INPUT DATA =>
[Start of section]

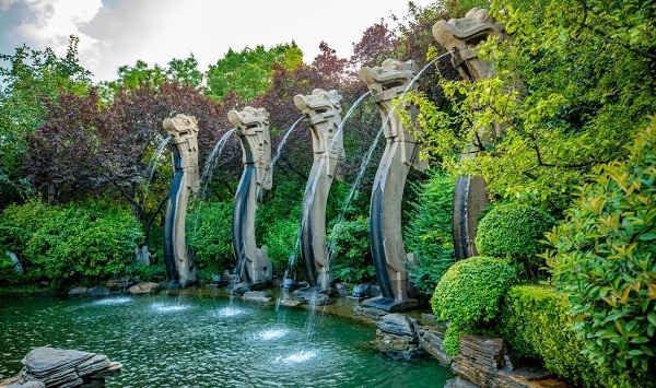 Facing the east gate of the park is the "Five Dragon Sculpture", in which five long dragons soar into the sky as they spout wisps of spring water, symbolizing auspiciousness. This is also a must-visit spot for those looking to take photos.
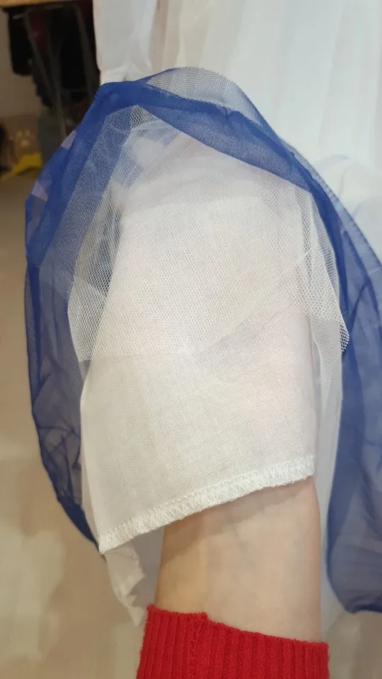 Спасибо за хорошее платье и за быструю доставку! приехало в Москву за 8 дней! голубая часть платья из хлопковой ткани. все остальное синтетика. Для дочери 120 см взяла размер 150. Получилось в пол. Хватит на долго!
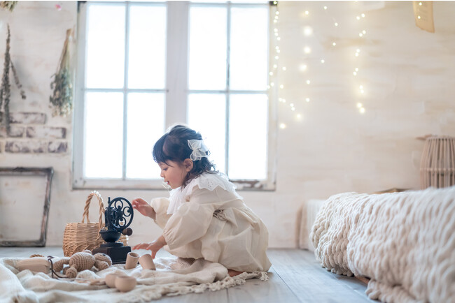完全プライベートの空間を2時間使用でき、リラックスした雰囲気の中でお子様の自然な姿を撮影できます。ヘアメイクはもちろん、インテリアや一部衣装もコフレオリジナル。毎年撮影に訪れる根強いファンも。東名阪を中心に全23店舗展開。
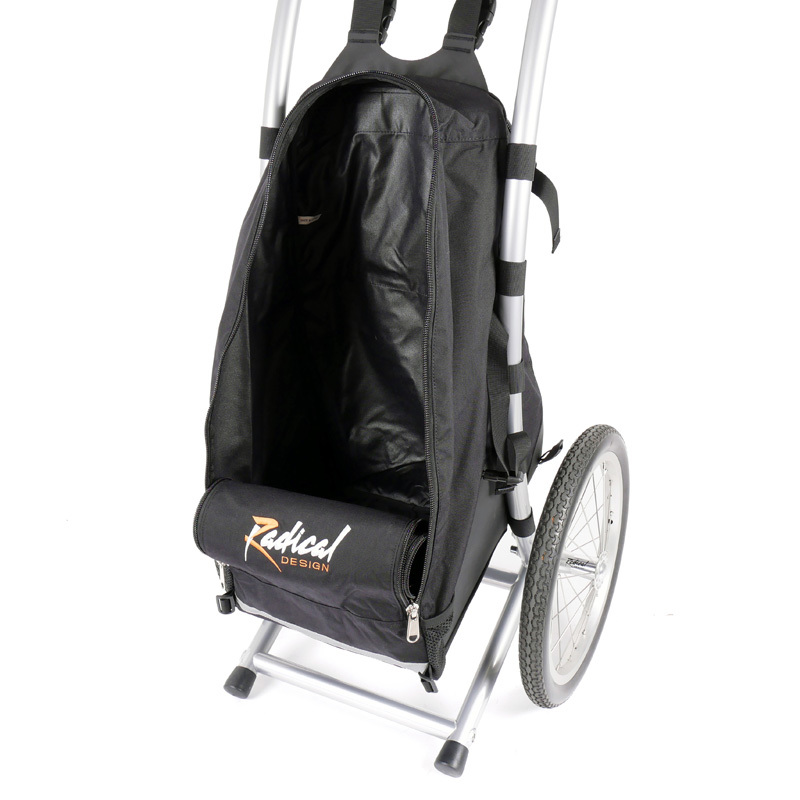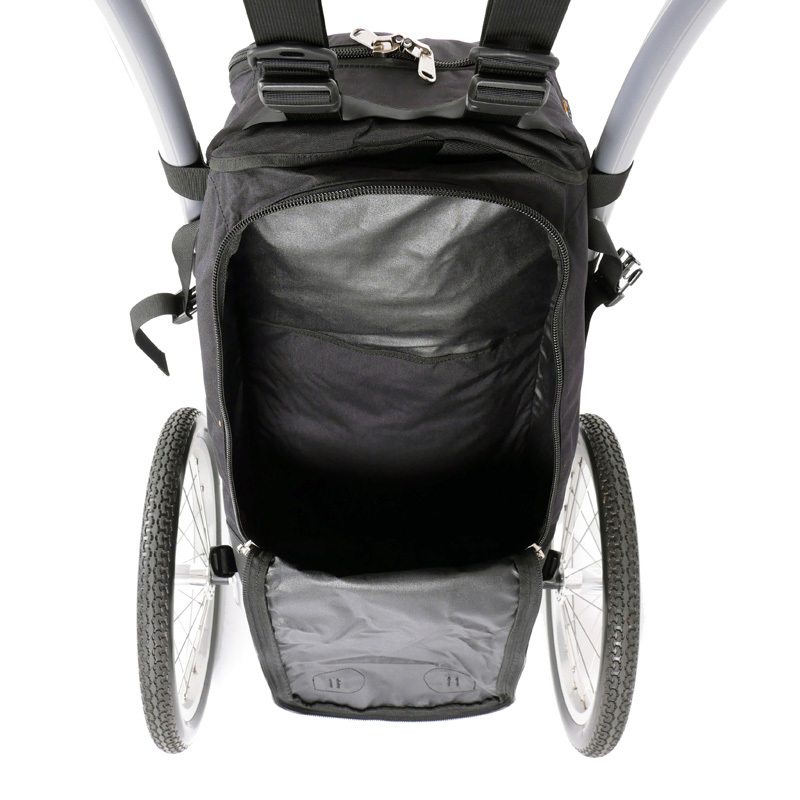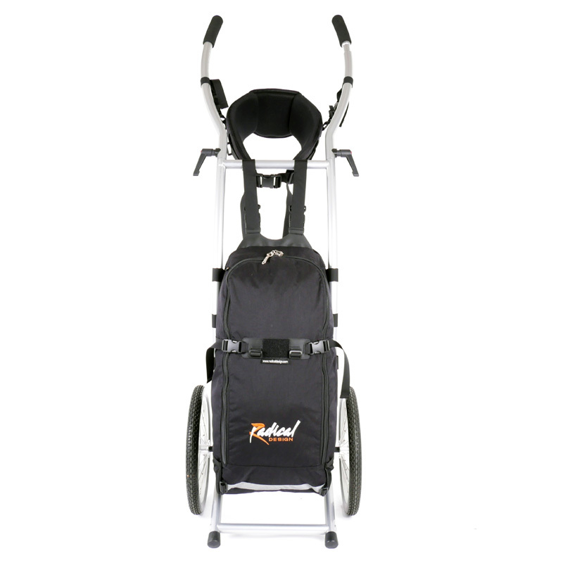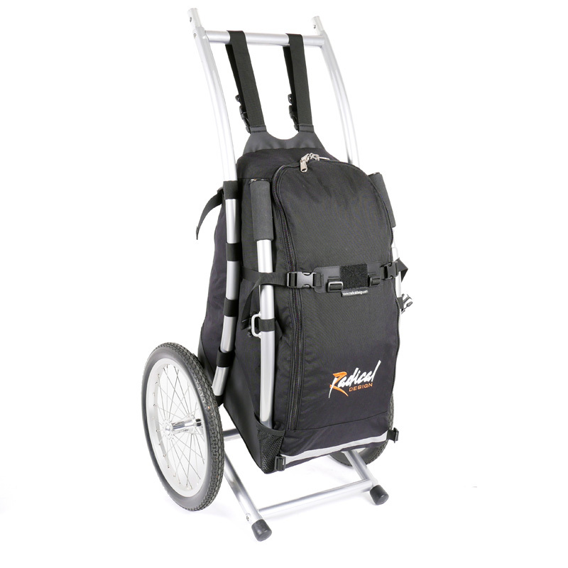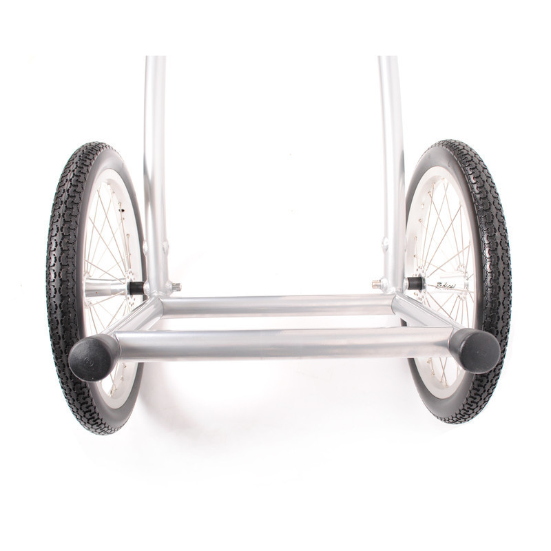 The Wheelie V Traveller HD Walking Trailer is the standard model equipped with a 75 liter bag. In this fifth version we TIG welded the bushings and placed an extra crossbar making this the strongest and most rigid frame to date. Also the hipbelt has been completely redesigned and is now fully adjustable to be even more comfortable.

[End of section]

ACTIVITY => When you repeat the listing, keep it exact and leave the pictures behind.

EXERCISE RESULT =>
 Facing the east gate of the park is the "Five Dragon Sculpture", in which five long dragons soar into the sky as they spout wisps of spring water, symbolizing auspiciousness. This is also a must-visit spot for those looking to take photos.
 Спасибо за хорошее платье и за быструю доставку! приехало в Москву за 8 дней! голубая часть платья из хлопковой ткани. все остальное синтетика. Для дочери 120 см взяла размер 150. Получилось в пол. Хватит на долго!
完全プライベートの空間を2時間使用でき、リラックスした雰囲気の中でお子様の自然な姿を撮影できます。ヘアメイクはもちろん、インテリアや一部衣装もコフレオリジナル。毎年撮影に訪れる根強いファンも。東名阪を中心に全23店舗展開。
 The Wheelie V Traveller HD Walking Trailer is the standard model equipped with a 75 liter bag. In this fifth version we TIG welded the bushings and placed an extra crossbar making this the strongest and most rigid frame to date. Also the hipbelt has been completely redesigned and is now fully adjustable to be even more comfortable.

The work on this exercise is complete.